Naruto y sus personajes son propiedad de Masashi Kishimoto.

Un pequeño homenaje a uno de mis personajes favoritos, Deidara. La escena en que Itachi lo vence con su genjutsu siempre será para mí una de las más memorables de la serie.


La creación, la destrucción, el destello. Finalmente, el arte.

En cada explosión, apreciaban sus ojos la luz fulminante y maravillosa. Tan hermosa como efímera, la iluminación se hacía presente para que los vivientes pudiesen ver el genuino arte por apenas un momento, para luego esfumarse y convertirse en un humo tosco y plomizo.

¿Cómo era posible que de la perfección más prístina naciese algo tan vulgar y enfermizo?

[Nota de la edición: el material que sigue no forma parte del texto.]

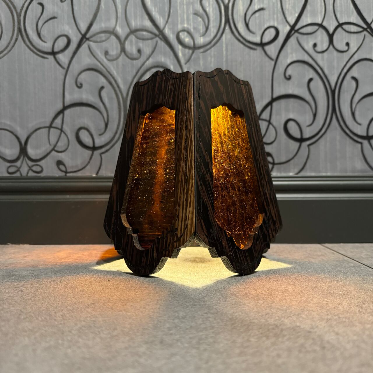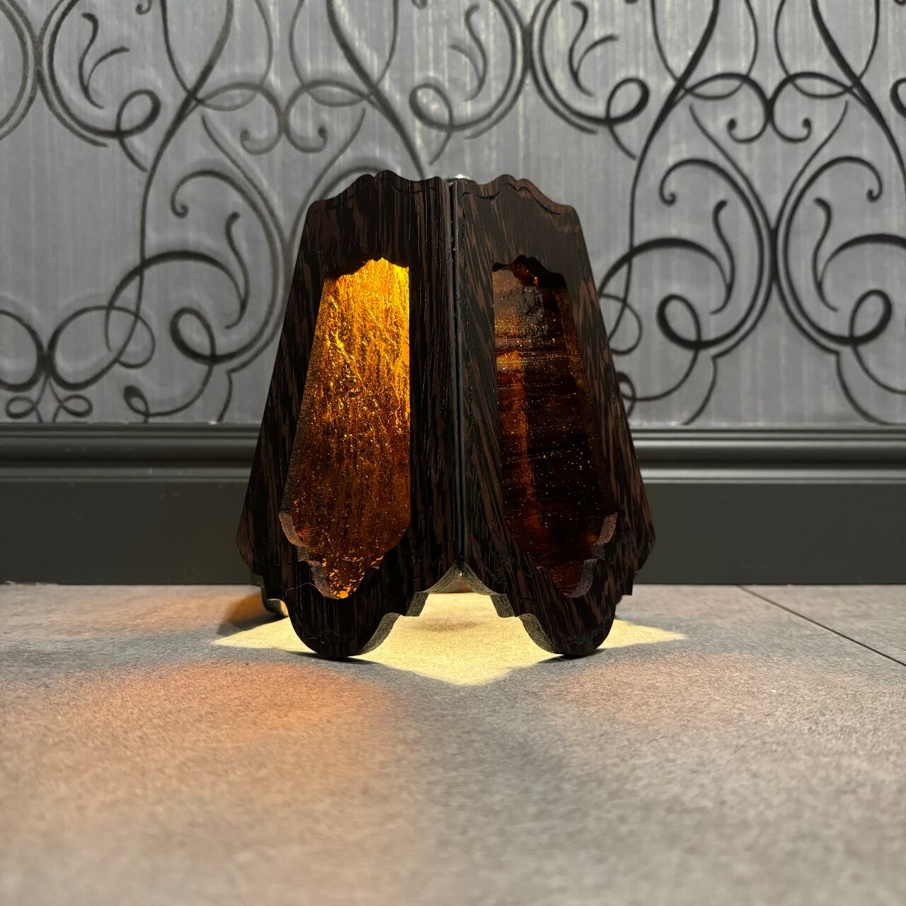 無垢材ウェンジとステンドグラスを融合させ両方の美しさを最大限に活かした高級感漂う Bornオリジナルゴールゼロ用ランプシェード(2WAY:吊る・置き型)

Pues la estela mundana que dejaba atrás semejante belleza era el precio que debíamos pagar por permitirnos ser sus indignos espectadores.

El arte lo había elegido a él cómo su profeta, pues era el único que podía entender su naturaleza, su majestuosidad intangible que otros atribuían a simples y banales piezas inmóviles, frías, muertas. ¡Cuán equivocados estaban, blasfemos! ¡Cuánta mentira había en sus bocas paganas!

¡Cuánta ignorancia!

¡Si tan sólo abandonaran sus sacrílegas costumbres! ¡Si tan sólo se detuvieran a contemplar la pureza de su arte!

Herejes fueron los de su aldea por querer prohibir esa técnica divina que ahora yacía en sus manos virtuosas. Él sería el medio para alcanzar el despertar del más grandioso y perfecto arte, el cuál sería venerado hasta por los más escépticos ojos. Incluso esos ojos perversos que se atrevieron a desafiar su creación. Malditos orbes de sangre que recibirían su castigo por haberlo engañado, por hacerle admirar el arte de otro. El artista del espacio y del tiempo lo había vencido, y se mostraba ante él bañado en la más empírea de las luces.

Esto es arte.

Pensó su mente pecadora, encandilado por la diáfana imagen frente a él. El hombre que se alzaba radiante y luminoso aún en un cuerpo sombrío y lóbrego, imponente. ¡Como si acaso fuese superior a él! ¡Superior a su arte!

Cómo se atrevía a profanar su adorado resplandor de una forma tan vil, tan impura.

¡Era obra de esos mortíferos ojos que tenía!

Sólo él se encargaría de hacerlos pagar. Dejaría en vergüenza sus trucos infames para mostrarles su grandeza y poder, se arrepentiría hasta las lágrimas de haber subestimado su destreza. Prepararía su obra final, el espectáculo más sublime que este mundo repugnante hubiese visto. Les daría a los demás mortales e inmortales la oportunidad de ser testigos de un esplendor tan exquisito que nunca más serían capaces de elogiar a otra cosa.

Él sería el artista supremo. Sería su luz la más inmensa y destructiva, la más pura, la que aplastaría la ilusión de aquel difamador. Su cuerpo sería la pólvora y su voz el detonante de la perfecta gloria que le aguardaba. La tierra se estremecería desde lo profundo y cedería ante su irascible poder, mientras él se elevaría a los cielos en regocijo, perdiéndose en el fulgor magistral de su creación.

Él y su arte serían uno, como siempre debió haber sido.